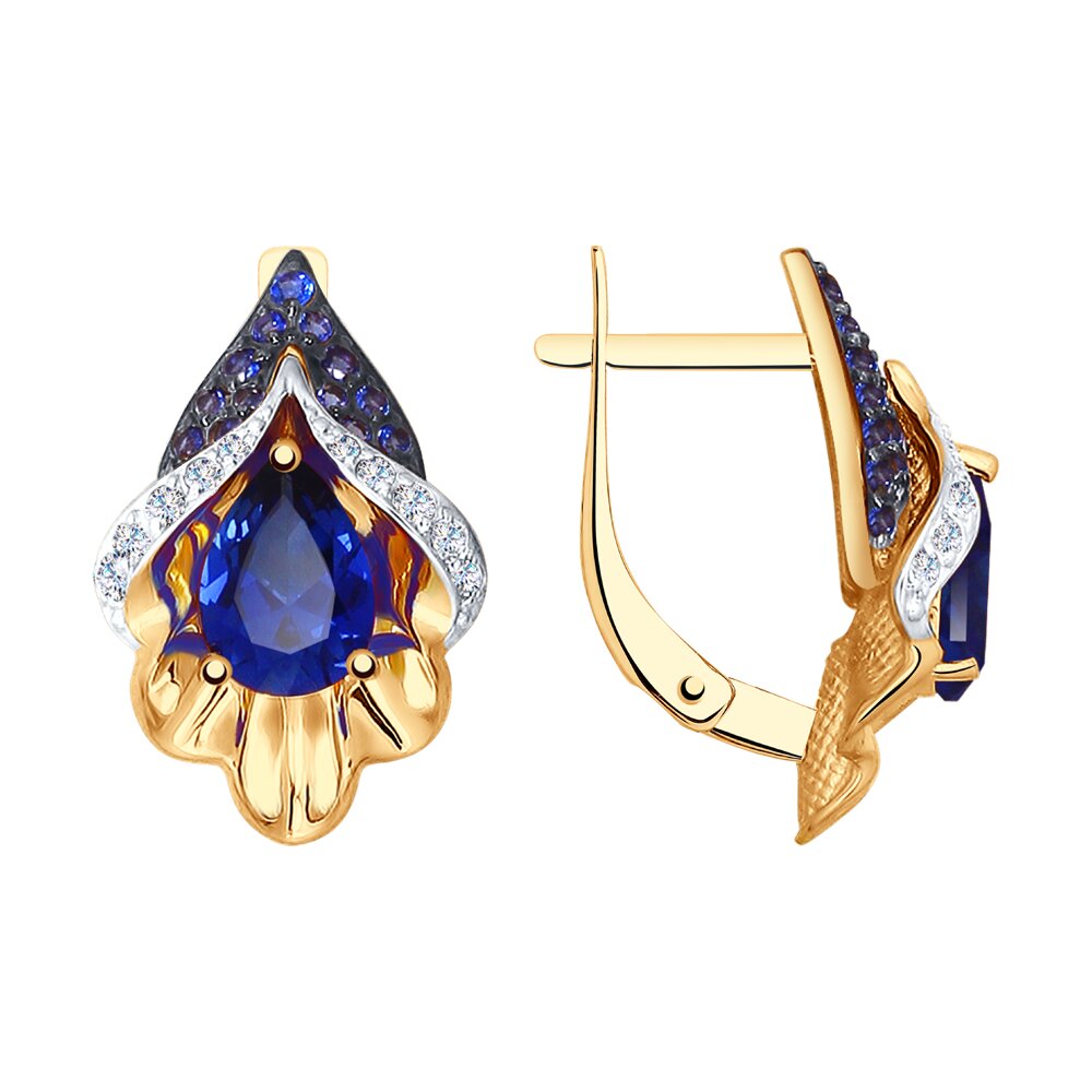 Золотые серьги с сапфиром гидротермальным и фианитом SOKOLOV 725101
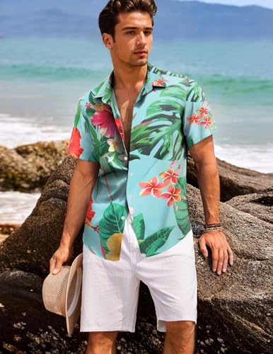 Gavliuu Hawaiian Shirt for Men – Men’s Hawaiian Button Down Shirts Floral Shirts Printed Casual Short Sleeves
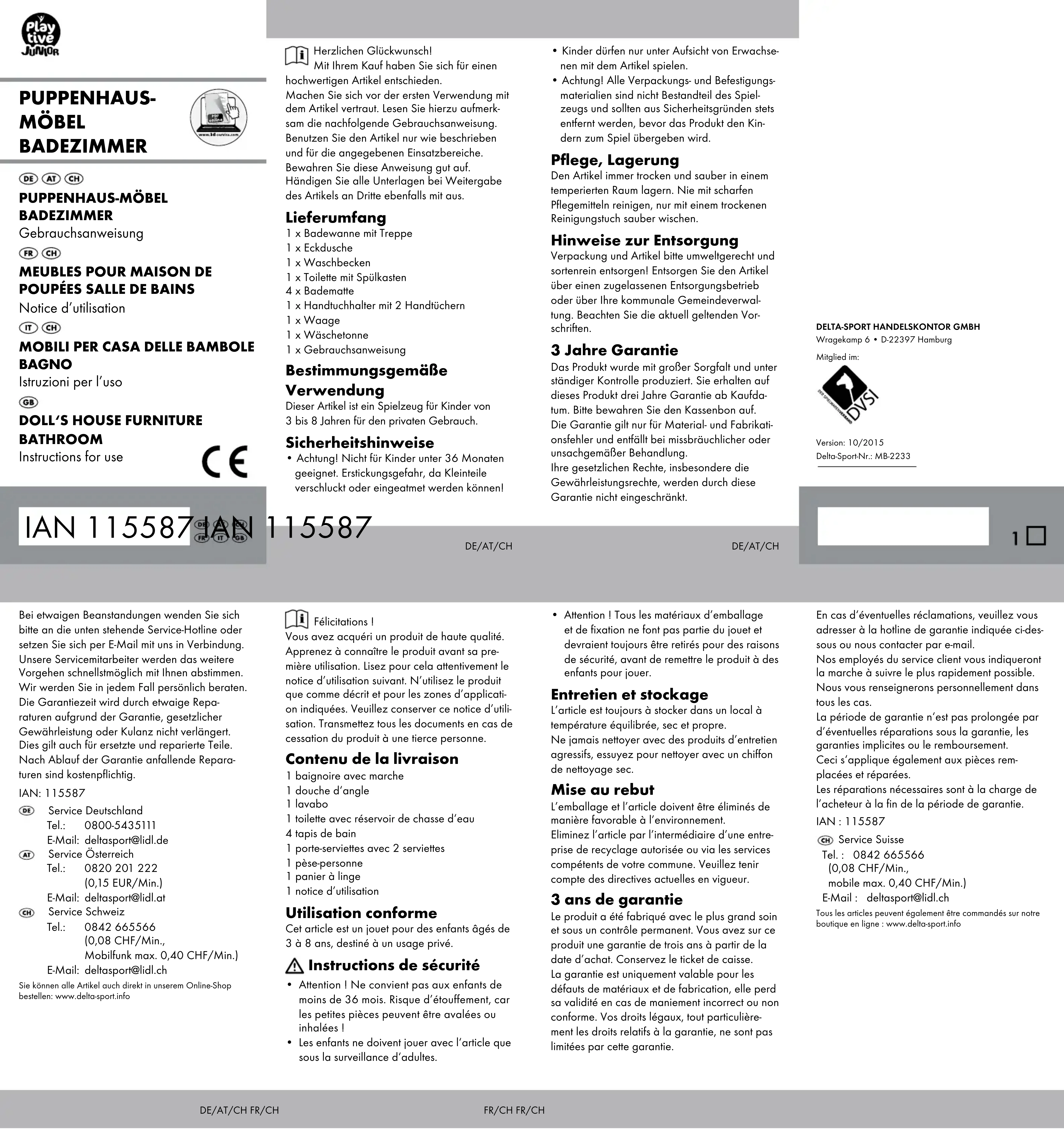 En cas d‘éventuelles réclamations, veuillez vous adresser à la hotline de garantie indiquée ci-des- sous ou nous contacter par e-mail. Nos employés du service client vous indiqueront la marche à suivre le plus rapidement possible. Nous vous renseignerons personnellement dans tous les cas. La période de garantie n‘est pas prolongée par d’éventuelles réparations sous la garantie, les garanties implicites ou le remboursement. Ceci s‘applique également aux pièces rem- placées et réparées. Les réparations nécessaires sont à la charge de l’acheteur à la fin de la période de garantie. IAN : 115587 Service Suisse Tel. : 0842 665566 (0,08 CHF/Min., mobile max. 0,40 CHF/Min.) E-Mail : deltasport@lidl.ch Tous les articles peuvent également être commandés sur notre boutique en ligne : www.delta-sport.infoDE/AT/CHDE/AT/CH FR/CHDE/AT/CHFR/CH FR/CH Félicitations ! Vous avez acquéri un produit de haute qualité. Apprenez à connaître le produit avant sa pre- mière utilisation. Lisez pour cela attentivement le notice d’utilisation suivant. N’utilisez le produit que comme décrit et pour les zones d’applicati- on indiquées. Veuillez conserver ce notice d’utili- sation. Transmettez tous les documents en cas de cessation du produit à une tierce personne. Contenu de la livraison 1 baignoire avec marche 1 douche d‘angle 1 lavabo 1 toilette avec réservoir de chasse d‘eau 4 tapis de bain 1 porte-serviettes avec 2 serviettes 1 pèse-personne 1 panier à linge 1 notice d’utilisation Utilisation conforme Cet article est un jouet pour des enfants âgés de 3 à 8 ans, destiné à un usage privé. Instructions de sécurité

**Prompt:** Exactly repeat the material from its first line through the line with "Gavliuu Hawaiian Shirt", including both, and leave the pictures and everything else out.

**Problem solution:**
 Золотые серьги с сапфиром гидротермальным и фианитом SOKOLOV 725101
 Gavliuu Hawaiian Shirt for Men – Men’s Hawaiian Button Down Shirts Floral Shirts Printed Casual Short Sleeves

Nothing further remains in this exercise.